Abschnitt 3.1) Im Anschluss daran werden im Abschnitt 3.2 das Leistungsangebot im Zeitverlauf sowie die Zugangsmöglichkeiten zu Waren und Dienstleistungen (s. Abschnitt 3.3) aufgezeigt.

Für die Beantwortung der Forschungsfragen dienen vier Konzepte aus der Soziologie als Analysebasis, deren Ansätze großteils auch in der bereits erwähnten Studie von Alena Ledeneva zu finden sind. Zuerst wird anhand Colemans Ausarbeitungen (1988) zum sozialen Kapital erörtert, ob Blat-Beziehungen als Ressource angesehen werden konnten (s. Abschnitt 4.1). Des Weiteren wurde mit Hilfe von Variablen zur Beschreibung von sozialen Netzwerken versucht, die Position einer Person innerhalb eines Blat-Netzwerks zu erfassen (s. Abschnitt 4.2). Als drittes werden im Abschnitt 4.3 Reziprozitätsformen behandelt, da die Wechselseitigkeit von Gefälligkeiten ein wesentliches Charakteristikum von Blat-Beziehungen war. Zuletzt soll anhand des Klientelismuskonzepts (vgl. Weber Pazmiño 1991) die Ebene betrachtet werden, auf der die Beteiligten einander gegenübertraten (s. Abschnitt 4.4).

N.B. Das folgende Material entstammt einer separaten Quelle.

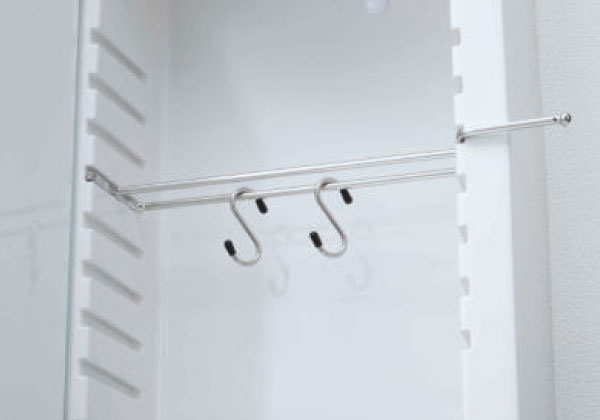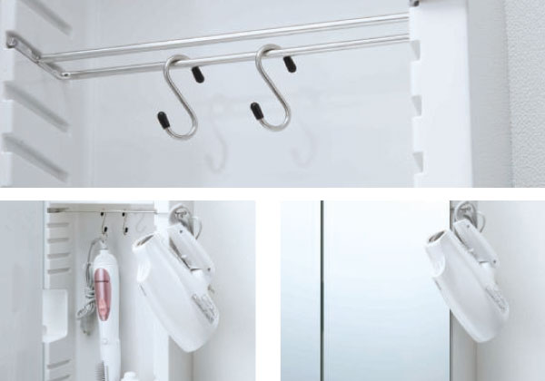 ドライヤーなどを吊り下げて収納できるフックです。(S字フック2個付き)

Über die Literaturrecherche hinaus, wurde zur Datengewinnung die Methode des problemzentrierten, leitfadengestützten Interviews gewählt und mit acht Personen aus der ehemaligen Sowjetunion (heute Russland und Ukraine) durchgeführt (s. Abschnitt 5.1 und 5.2). Auf diese Weise konnten Informationen aus erster Hand über die sozialen Funktionsmechanismen von Blat generiert werden. Die Auswertung der transkribierten Gespräche erfolgte nach der qualitativen Inhaltsanalyse nach Mayring (vgl. Mayring 1996, 2003), welche unter Verwendung von themenspezifisch erörterten Kategorien eine systematisierte Analyse des zugrundeliegenden Materials ermöglichte. Im Unterkapitel 5.3 werden die Methode sowie die erarbeiteten Kategorien behandelt, anhand welcher die einzelnen Interviews im Abschnitt 5.4 analysiert wurden.

Im sechsten Kapitel werden die Ergebnisse der Analyse noch einmal aufgegriffen und anhand der definierten Kategorien mit den vorab vorgestellten sozialen Konzepten verglichen (s. Abschnitt 6.1 bis 6.7).